Given:- In a triangle PQR, N is a point on PR such that QN $\perp$ PR and PN.NR = QN2

To prove:-$\angle$ PQR = 90°

Proof:

We have PN.NR = QN2

$\\\Rightarrow PN.NR=QN.QN\\\frac{PN}{QN}=\frac{QN}{NR}\; \; \; \; \; \; \; ....(1)$

$In \Delta QNP \; and\; \Delta RNQ$

$\frac{PN}{QN}=\frac{QN}{NR}$

and $\angle$PNQ = $\angle$RNQ          (each equal to 90°)

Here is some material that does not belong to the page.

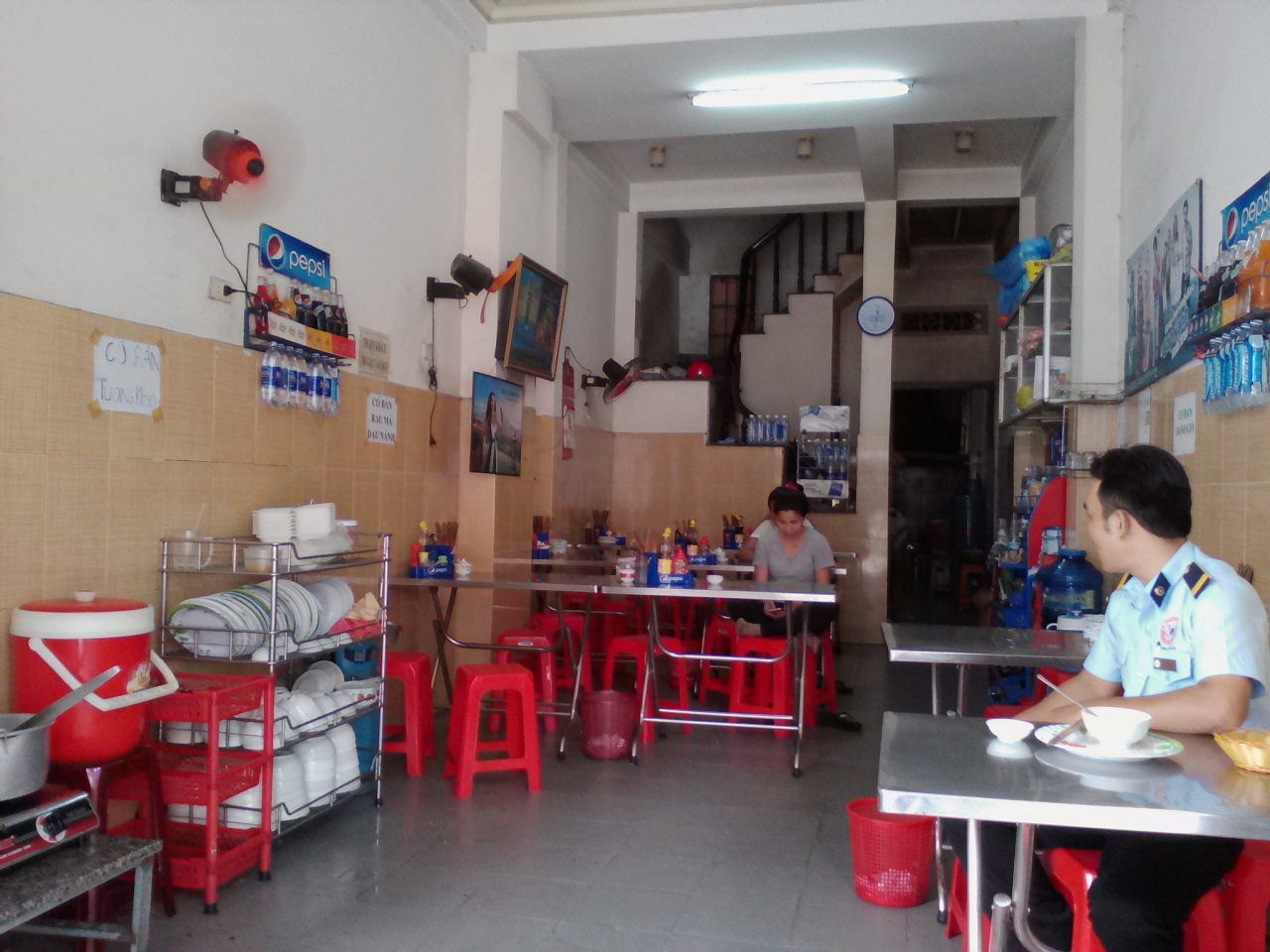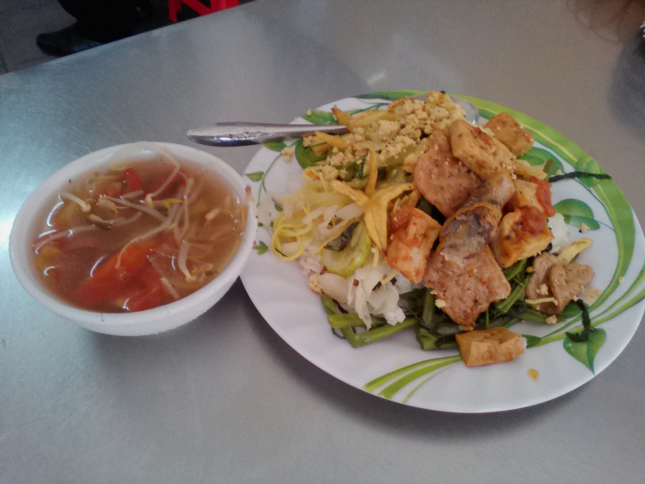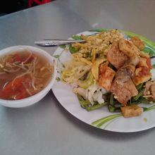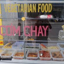コムチャイと呼ばれるベジタリアンフードのレストランです。店の前のガラスケースにはおかずの入ったバットが並んでいます。気に入ったおかずがあれば指させばよし。おまかせでもOKです。ご飯におかず盛り盛り、スープがついて1皿15000ドン。他の町でも何回かコムチャイを食べましたがこの店は値段、内容とにかなりの優良店です。欧米人旅行者も時々食べに来ています。ご飯以外にもフォー、ブン、ミーなどの麺も食べられます。

we know that if one angle of a triangle is equal to one angle of another triangle and the sides including these angles are in the same ratio, then the triangles are similar by SAS similarity criterion.

$\therefore \Delta QNP \sim \Delta RNQ$

Then $\Delta$QNP and $\Delta$RNQ are equiangular.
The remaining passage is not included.